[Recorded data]
*** Begin section ***

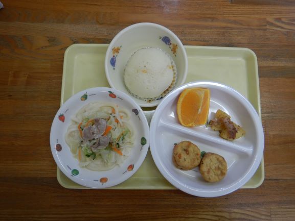 「17日の豆乳サラダうどんとジャーマンポテトがおいしかったよ♪全部お皿をピカピカにしたよ!」
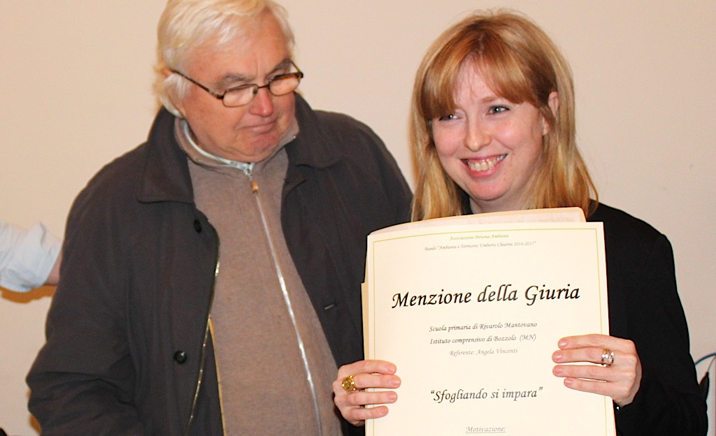 Poi si è passati ai premi di quest’anno. Al quarto posto – menzione d’onore – la scuola primaria di Rivarolo Mantovano con il progetto ‘Sfogliando s’impara’ che riguarda la difesa dell’ambiente ed il rapporto uomo-animale e parte dal favorire l’atteggiamento affettivo del bambino al libro per svilupparsi poi su più versanti. Al terzo “Percorsi d’acqua. Incontro con la storia, il paesaggio e la biodiversità dei corsi d’acqua dell’alto mantovano” della scuola primaria e secondaria di Piubega (MN) in un territorio in cui la tutela dei corsi d’acqua, degradati, è diventata fondamentale. Al secondo posto la scuola dell’Infanzia i Gelsi di Scandiano (RE) con “Riduco, Riciclo, Riutilizzo, Recupero: la teoria delle 4R in azione” e al primo posto l’istituto Romani di Casalmaggiore con il sapone di zucca, anche questo un progetto ben strutturato e multidisciplinare.
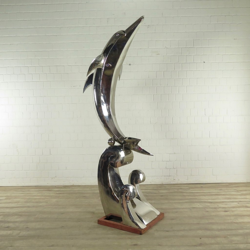Stilvoll gestaltete Skulptur aus Chrom mit der Darstellung eines Delphines. Maße: Breite 0,70 m Höhe 2,33 m Tiefe 0,90 m
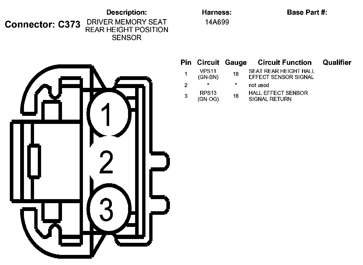 Driver Memory Seat Rear Height Position Sensor
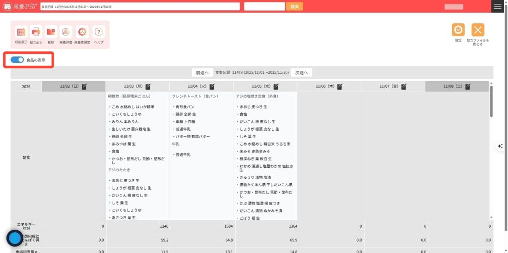 新規献立の作成は、以下のページをご確認ください。※リンクを貼る

*** End section ***

▸ **What is needed**
Set down exactly the lines of the entries above from the one holding "Stilvoll gestaltete Skulptur" through the last one, including both, with the pictures left out.

▸ **Answer space**
Stilvoll gestaltete Skulptur aus Chrom mit der Darstellung eines Delphines. Maße: Breite 0,70 m Höhe 2,33 m Tiefe 0,90 m
 Driver Memory Seat Rear Height Position Sensor
 新規献立の作成は、以下のページをご確認ください。※リンクを貼る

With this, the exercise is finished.